Before I became a mommy, I started a 101 Dreams journal, where I wrote down my bucket list. The book serves as a motivation for me to take baby steps to achieve my dreams, and thus far I have done pretty well – solo travel, volunteering in Africa, bungee jump, etc. Sky diving has been on my list for the longest time, and I really, really, really want to do the jump. But when the opportunity came during my 30th birthday, I was like… Should I do it? Am I being an irresponsible mother? What will happen to Colby if something happens to me? I thought long and hard about this issue – should we put our dreams on hold the moment we embark on the motherhood journey?
Someone commented that perhaps I should wait till Colby is older before pursuing such dreams/hobbies/passions, but how old is old? When he is in primary school, secondary school or university? University sounds reasonable, but I would probably be in my 50s then… I am not too sure if I will still be game enough for it, provided that I am still in good health. Well after much internal debate, I decided to go ahead with the jump. It was such an awesome experience that I would not mind doing it again anytime. Some people may think that skydiving is a high-risk activity, but I did a tandem jump (where you are attached to an instructor), which is relatively safe. Even travel insurance covers recreational skydiving nowadays!

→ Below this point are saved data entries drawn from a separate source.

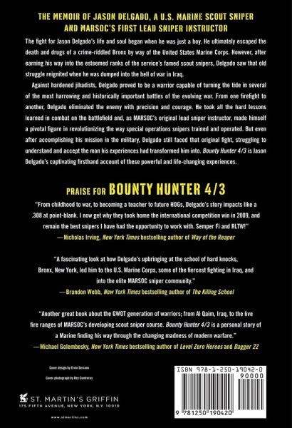 The memoir of Jason Delgado, a US Marine scout sniper and MARSOC's first lead sniper instructor. The fight for Jason Delgado's life and soul began when he was just a boy. He ultimately escaped the death and drugs of a crime-riddled Bronx by way of the United States Marine Corps. However, after earning his way into the esteemed ranks of the service's famed Scout Snipers, Delgado saw that old struggle reignited when he was dumped into the hell of war in Iraq. There Delgado proved not only a participant, but a warrior capable of turning the tide in several of the most harrowing and historically important battles of the evolving war. He took all the hard lessons learned in combat and, as MARSOC's original lead sniper instructor, made himself a pivotal figure in revolutionizing the way special operations snipers trained and operated. But even after accomplishing his mission in the military, Delgado still faced that original fight, struggling to understand and accept the man his experiences had transformed him into. Bounty Hunter 4/3 is Jason Delgado's captivating first-hand account of these powerful and life-changing experiences.
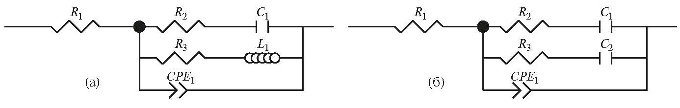 Для образца Mn5Si3-0.60Ge0.60, содержащего в себе большое количество фазы Mn5Si3, предложены две схемы, моделирующие процесс анодного растворения (рис. 5). Здесь R1 моделирует сопротивление раствора, CPE1 – емкость двойного электрического слоя с учетом шероховатости поверхности, а цепочка R2С1 моделирует сопротивление переноса заряда через межфазную границу и псевдоемкость адсорбированных на поверхности ионов. На графике Найквиста в области низких частот при E = + 0.4 В содержится скрытая индуктивная дуга, характеризующая превращение одной формы адсорбированных ионов в другую при изменении степени заполнения поверхности, поэтому схема на рис. 5б для данного годографа предполагает наличие цепочки R3L1.
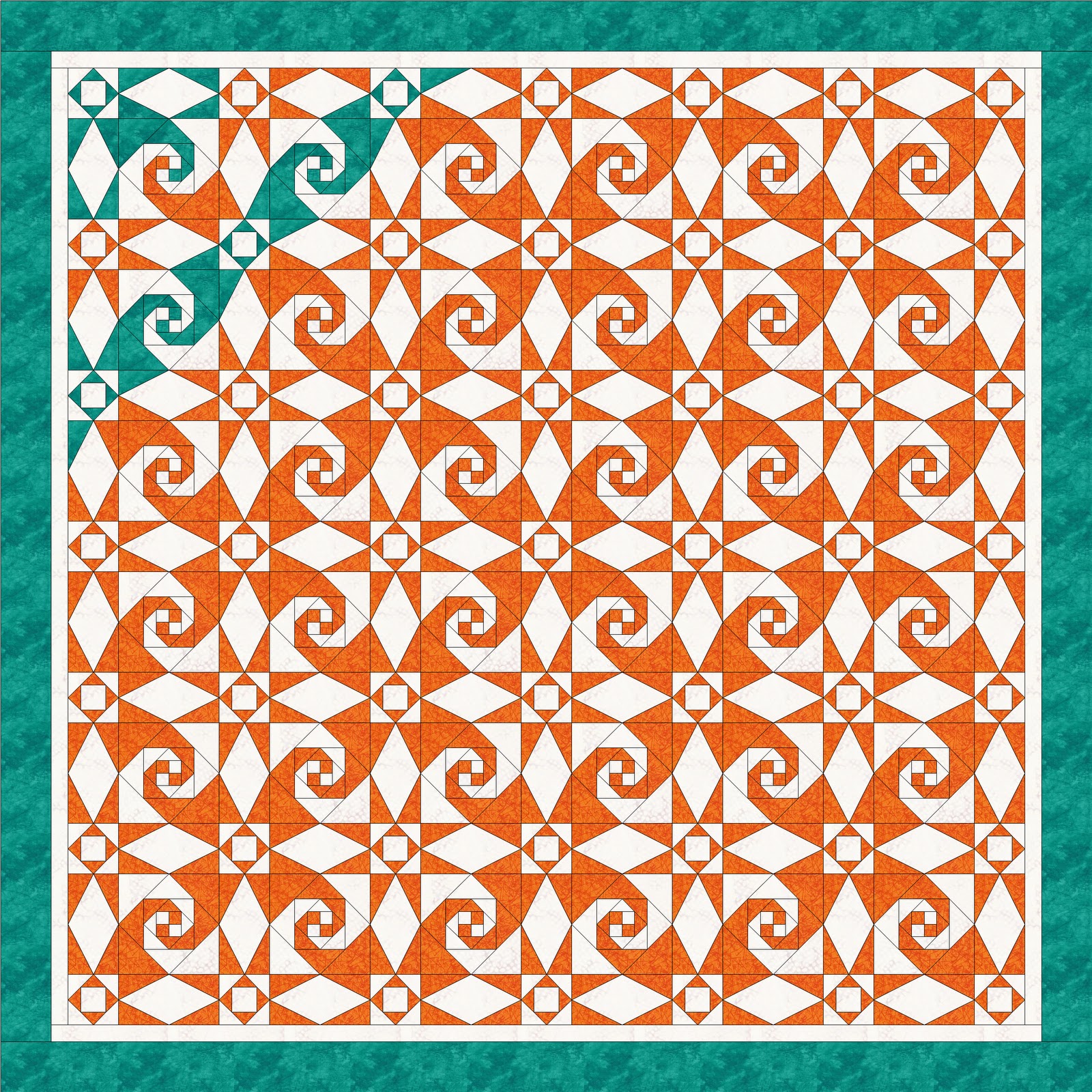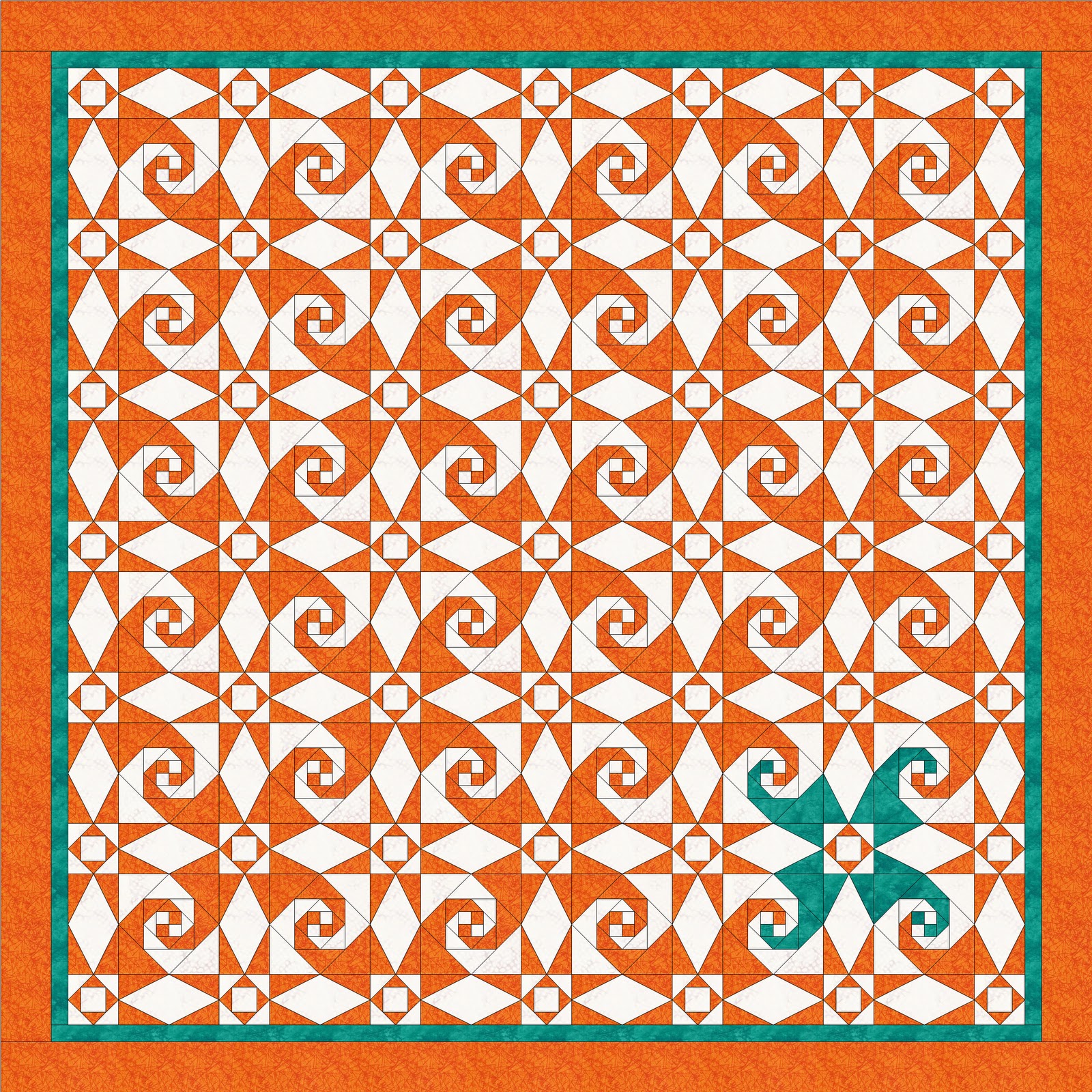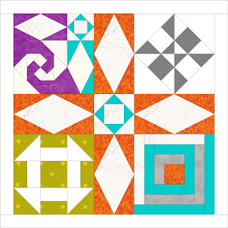 I love the orange snails trail with the one turquoise block. I would love to get the block patterns. Thanks.

I believe that we should not put our own lives on hold to be a wife and mother. I do not want to look back on my life and think that I have missed out on so many things due to motherhood. We can be good mothers even if we choose to pursue our personal goals, as these two should not be mutually exclusive. Most importantly, I want to set a good example for my children – I want them to grow up pursuing their dreams. To do that, I have to learn to live my own dreams before I can help to make theirs a reality.